TASK TO COMPLETE -> Reproduce only the lines that run from the line containing "Вот так пестренько" to the end of the entries below, exactly as they stand.

:: DATA SHOWN ::

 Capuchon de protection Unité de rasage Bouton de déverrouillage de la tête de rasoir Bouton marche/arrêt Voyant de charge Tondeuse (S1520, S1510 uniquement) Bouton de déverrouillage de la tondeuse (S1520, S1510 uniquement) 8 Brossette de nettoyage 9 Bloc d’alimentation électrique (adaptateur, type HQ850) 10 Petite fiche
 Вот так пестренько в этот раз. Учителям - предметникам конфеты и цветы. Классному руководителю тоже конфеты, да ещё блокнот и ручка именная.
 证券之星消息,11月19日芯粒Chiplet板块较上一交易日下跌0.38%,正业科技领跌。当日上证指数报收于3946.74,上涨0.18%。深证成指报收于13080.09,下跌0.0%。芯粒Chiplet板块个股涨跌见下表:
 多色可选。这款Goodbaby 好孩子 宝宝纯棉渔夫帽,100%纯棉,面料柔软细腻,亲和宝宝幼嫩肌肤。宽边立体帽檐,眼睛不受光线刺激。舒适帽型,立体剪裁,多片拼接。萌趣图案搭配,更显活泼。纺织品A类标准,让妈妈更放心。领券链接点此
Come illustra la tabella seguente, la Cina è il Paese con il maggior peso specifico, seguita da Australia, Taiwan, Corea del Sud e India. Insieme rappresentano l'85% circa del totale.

:::

REPLY ->
 Вот так пестренько в этот раз. Учителям - предметникам конфеты и цветы. Классному руководителю тоже конфеты, да ещё блокнот и ручка именная.
 证券之星消息,11月19日芯粒Chiplet板块较上一交易日下跌0.38%,正业科技领跌。当日上证指数报收于3946.74,上涨0.18%。深证成指报收于13080.09,下跌0.0%。芯粒Chiplet板块个股涨跌见下表:
 多色可选。这款Goodbaby 好孩子 宝宝纯棉渔夫帽,100%纯棉,面料柔软细腻,亲和宝宝幼嫩肌肤。宽边立体帽檐,眼睛不受光线刺激。舒适帽型,立体剪裁,多片拼接。萌趣图案搭配,更显活泼。纺织品A类标准,让妈妈更放心。领券链接点此
Come illustra la tabella seguente, la Cina è il Paese con il maggior peso specifico, seguita da Australia, Taiwan, Corea del Sud e India. Insieme rappresentano l'85% circa del totale.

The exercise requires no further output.